Now, here in Carolina we currently have a redhot race for the U.S. Senate seat currently held by Richard Burr, a faceless Republican known mostly for saying little, collecting millions from coal companies, and being the best friend & defender of torture in the U.S. Senate.

Burr’s challenger is former state Senator Deborah Ross. A year ago, when she announced, few gave the little-known Ross much of a chance against Burr.

But that was before Donald Trump turned the state into a purple battleground, and before the federal courts threw out most of the vote suppression tools the right-wing legislature had enacted to hold down Democratic voting. Now the polls are very close, and Burr’s attack ads are getting down & dirty.
This is Burr’s big attack ad. Note the three key elements: pro sex offender; ACLU Lawyer; — and in the background, where many might miss it but the base won’t, is the visage of a presumably predatory male of dark hue and evil intentions.

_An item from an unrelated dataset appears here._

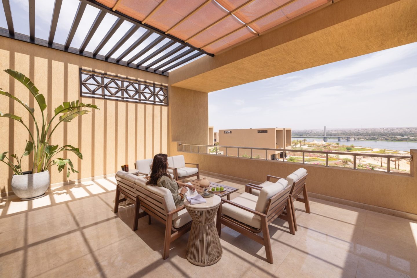 Superior 33sqm ensuite room with two queen-size beds, deluxe 38sqm ensuite room with king-size bed – both of which have captivating Nile River balcony view. The third room features a king-size bed with a garden-view balcony and is adjoined by a children’s sitting room, furnished with a desk, chair, and a cushioned lounging pouf.
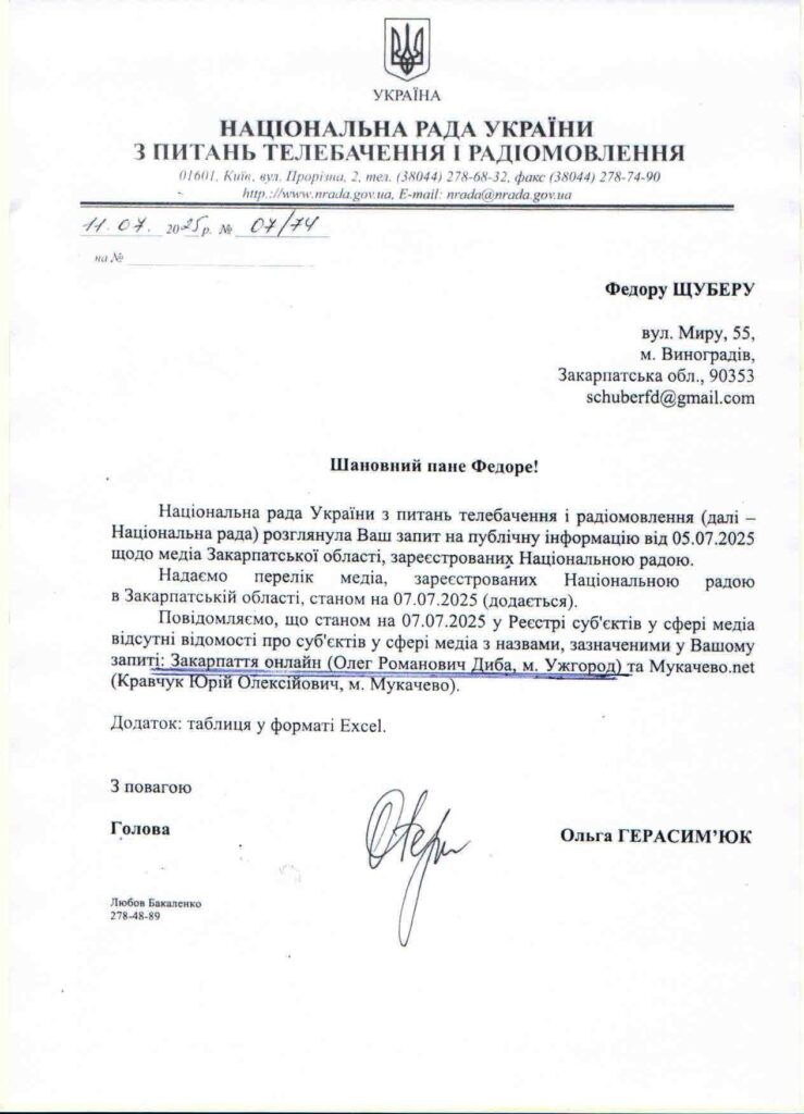 Згідно з офіційним документом, станом на 7 липня 2025 року, відомості про такі відомі онлайн-видання як “Закарпаття онлайн” (керівник Олег Романович Діба, м. Ужгород) та “Мукачево.net” (керівник Кравчук Юрій Олексійович, м. Мукачево) відсутні в Державному реєстрі суб’єктів у сфері медіа.

How down & dirty? Just a couple days ago, the senator unveiled a saturation attack ad against Ross that uses three magic, time-tested, silver bullet Democrat-destroying elements: “pro-sex offenders” and — wait for it — “ACLU.”

But there’s more: in the background, an ominous dark-skinned male visage.

For the GOP & further right base in NC, any of these is a killer; the combo adds up to a go-for-broke, four-pronged assault. And the ACLU thing, at least, is true, Ross did work there, from the mid-’90s til 2002 when she ran for the legislature.

That’s fine with me — hey, I’m a proud ACLU contributor/member. But this is still North Carolina . . . .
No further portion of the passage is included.